わたくし、そんなに劇物のようなもの出していますの?」


「いえ摂取するだけで幸せになる成分なのです」


 どっちにしろアブナイ感じがするのですけれど。


「さて、お姉様。次はベッドに座ってください。枕の辺りでお願いするのです」


「なるほど、このあたりでよろしい?」


「完璧なのです。では……」


 今度はわたくしの膝に頭を乗っけてベッドに横になりだした。なるほど。膝枕ですのね。


「ああ……お姉様の顔が真上に……。最高の夢が見られそうなのです」


「こうして膝枕をするのなんて何年ぶりかしら。随分と久しぶりな気がしますわね」


「うん……おねえさま……」


 あら、もう眠ってしまったのかしら。
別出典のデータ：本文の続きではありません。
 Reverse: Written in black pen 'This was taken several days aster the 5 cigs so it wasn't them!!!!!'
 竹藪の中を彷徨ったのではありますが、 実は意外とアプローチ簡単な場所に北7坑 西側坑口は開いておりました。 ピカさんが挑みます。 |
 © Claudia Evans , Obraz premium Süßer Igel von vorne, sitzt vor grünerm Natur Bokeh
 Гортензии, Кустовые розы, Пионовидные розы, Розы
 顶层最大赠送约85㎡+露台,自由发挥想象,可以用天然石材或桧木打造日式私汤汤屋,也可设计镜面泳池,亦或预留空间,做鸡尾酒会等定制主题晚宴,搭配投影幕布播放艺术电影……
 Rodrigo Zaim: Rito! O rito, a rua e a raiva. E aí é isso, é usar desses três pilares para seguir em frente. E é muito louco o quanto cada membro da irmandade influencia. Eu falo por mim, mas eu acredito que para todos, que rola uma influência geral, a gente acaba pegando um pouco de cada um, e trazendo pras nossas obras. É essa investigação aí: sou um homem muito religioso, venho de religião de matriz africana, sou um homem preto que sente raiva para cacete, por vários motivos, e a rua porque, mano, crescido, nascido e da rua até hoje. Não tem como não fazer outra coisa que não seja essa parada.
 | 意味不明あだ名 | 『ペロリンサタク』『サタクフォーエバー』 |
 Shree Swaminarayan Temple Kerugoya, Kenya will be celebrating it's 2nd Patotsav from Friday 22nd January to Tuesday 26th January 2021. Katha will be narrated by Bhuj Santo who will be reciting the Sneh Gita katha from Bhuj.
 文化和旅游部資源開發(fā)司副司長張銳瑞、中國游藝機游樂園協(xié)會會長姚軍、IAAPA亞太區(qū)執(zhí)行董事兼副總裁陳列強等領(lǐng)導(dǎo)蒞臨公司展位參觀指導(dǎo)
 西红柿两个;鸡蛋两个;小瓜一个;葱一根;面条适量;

すぅすぅと寝息を立てているサニア。


 きっと疲れていたのでしょう。普段は夜更かしなんてしないサニアが、夜中にわたくしの部屋に来ていたそうですし。普段勉強や魔法の練習も頑張っていますしね。


 穏やかなサニアの寝顔が可愛くて、思わず頭を撫でてしまう。


「今日くらいは、ゆっくり休みなさいな」


 サニアが良い夢を見られるように、頭を撫で続けた。